被定性的傻的甘粨亨不滿的等了慶助千壽一眼,想要辯解什麼,但是想想已經沒有什麼意義了,又害怕對方有要把那張有毒的濕巾塞進自己嘴裡,最終還是閉上了嘴。
「不是顯而易見的事情嘛,他正想要洗手的時候,卡邁爾先生聽到了死者的喊聲走出來查看情況,所以他連洗手的時間都沒有,急急忙忙的跑出來回到自己的位置上,急中生智點了一碗拉麵。」一直在旁邊旁觀這一切的毛利大叔刷了一波存在感。
「啪啪啪……」慶助千壽麵無表情的鼓起了掌,然後轉頭問卡邁爾:「這位先生可以和我們一起去做一個筆錄嗎?當然有急事的話可以先去辦,我們另外約一個時間。」
毛利大叔淌了滴冷汗,顯然對方根本就不關心犯人為啥不洗手。
警員們又在議論起來了……而且特意聽了一下的柯南越聽越難受——在大部分警員的眼中,這次破案的功勞不是有如神助的慶助千壽,而是自己被扔出這件事。
那個小鬼又被扔出去了、又破案了!這兩件巧合已經如同下了心理暗示一樣控制了那些警員的意識。
這也和柯南不知道的另一件事有關係,就是那些警員下意識的不喜歡調來的新人,而且還是調來第一天就表現的那麼活躍的新人。
不過事情勉強算是圓滿的結束了,除了柯南從頭到尾都在鬱悶以外。
「什麼?這個案子算平次哥哥贏了?不是誰都沒有解開真相嗎?」柯南一臉懵逼的抬頭看著裁判組的三位女子高中生。
「但是!」世良真純說道:「服部君用關西的語言解讀了死者的話得到了線索,而工藤什麼發現都沒有不是嗎?所以說,這次不夠徹底的推理比賽,是服部君勝利了!」
「嘿嘿!所以說我才是第一的名偵探,比工藤強多了!」服部平次立刻得意洋洋起來。
和葉毫不猶豫的給了他一個肘擊:「別在哪裡傻了!與其說是勉強算你贏了,倒不如說是你們兩個都輸給那位警官了吧?」
「那怎麼能算數呢!明明是那幫警察不讓我們插手,不然的話我早就把他們全都解決了!」服部平次倔強的說。

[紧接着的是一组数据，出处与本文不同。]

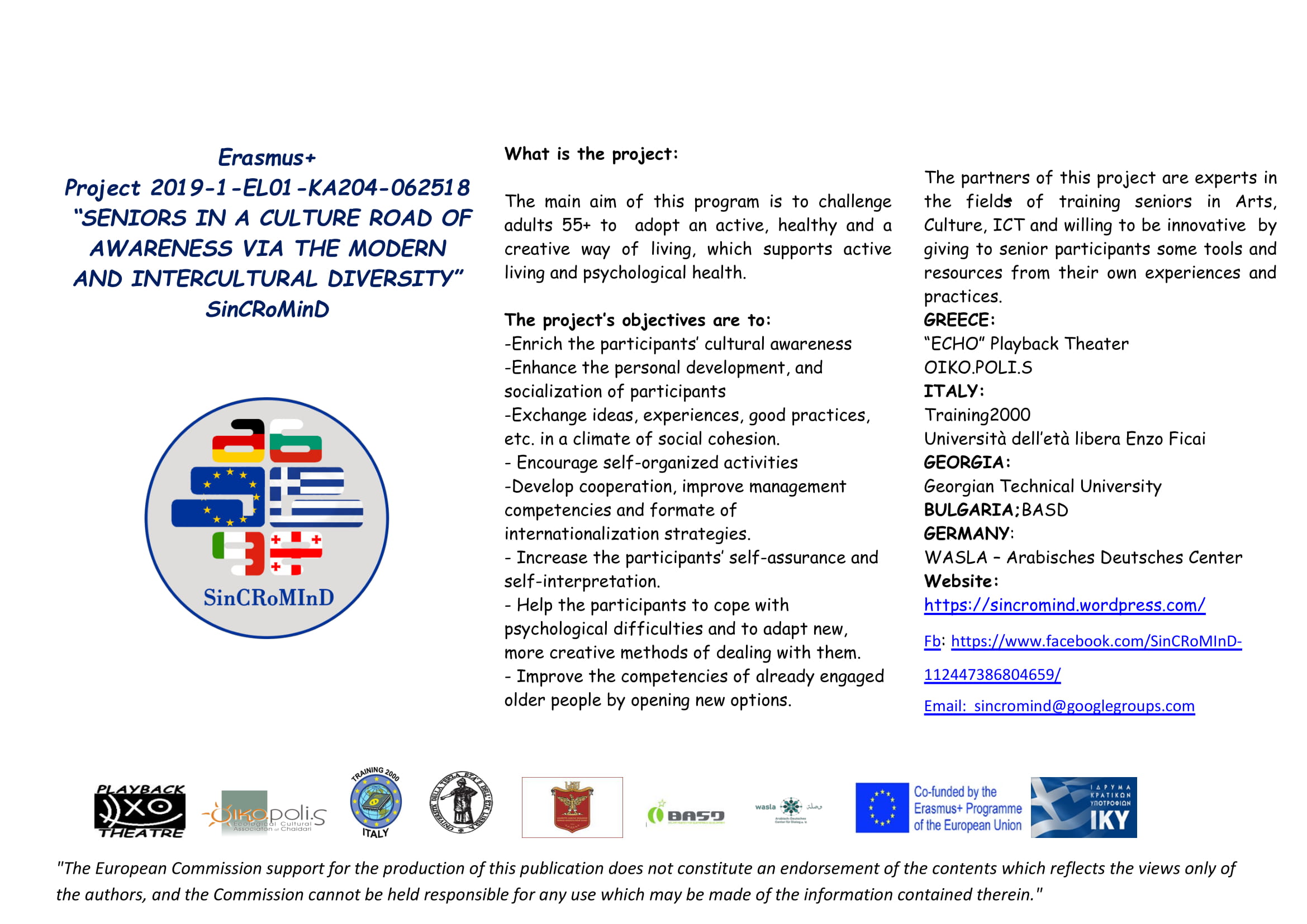 The partners of this project are 7 organizations from Germany, Greece, Georgia, Bulgaria and Italy that have expertise on the fields of Arts, Culture, and ICT with seniors and are willing to be innovative in giving seniors some tools and resources from their shared experiences and practices.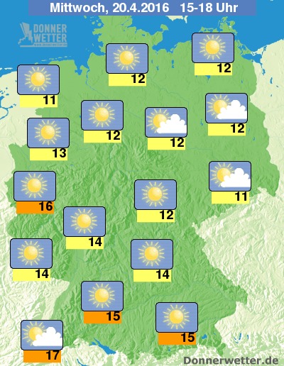 Am Donnerstag im Süden und Westen teils heiter, teils auch stark bewölkt, über der Nordosthälfte meist heiter bis sonnig, hier und da einige Wolken, trocken, 12 bis 20 Grad.

「那可不一定喲。」毛利大叔潑了盆冷水:「那位警官一直是在獨立行動,而且根本沒有占你們什麼便宜,鎖定犯人的依據其實也和關西人無關,其實不是你們的進度慢不是因為被他們阻擋了,而是那位警官完全忽視了其他謎題,只去處理最關鍵的謎題吧?」
「其他謎題?」「最關鍵的謎題?」服部平次和柯南不約而同疑惑的重複道。
「沒錯,我沒記錯的話那位警官在我們還在討論關西腔的問題的時候,就從廁所離開穿過了我們去找店員問詢,我想他就是已經確認了死者是他殺之後立刻開始鎖定嫌疑人了並縮小範圍了,至於我們對關西腔的討論,既然他後來說了出來自然是聽見了,不過我想也緊緊是聽見了而已。」毛利大叔又開始了在後輩面前秀智商:「還有兇手為什麼不洗手的問題,他是從開始到結束之後也一直沒有考慮過,或者說根本不在意。」
「不在意?」服部平次有些驚訝,而柯南則平淡一些。
「沒錯,就是不在意。」毛利大叔畢竟做過很長時間的刑警嗎,對於刑警的思維模式很容易便能理解:「因為他不需要破解犯人的手法,犯人的特徵,他只需要找到犯人是誰,和證據在哪,其餘的哪怕是犯罪動機都一概不需要,因為警察可以在抓到犯人之後從犯人的嘴裡問出來。」
「根本就是對推理的褻瀆……」服部平次只能發出絕望的控訴。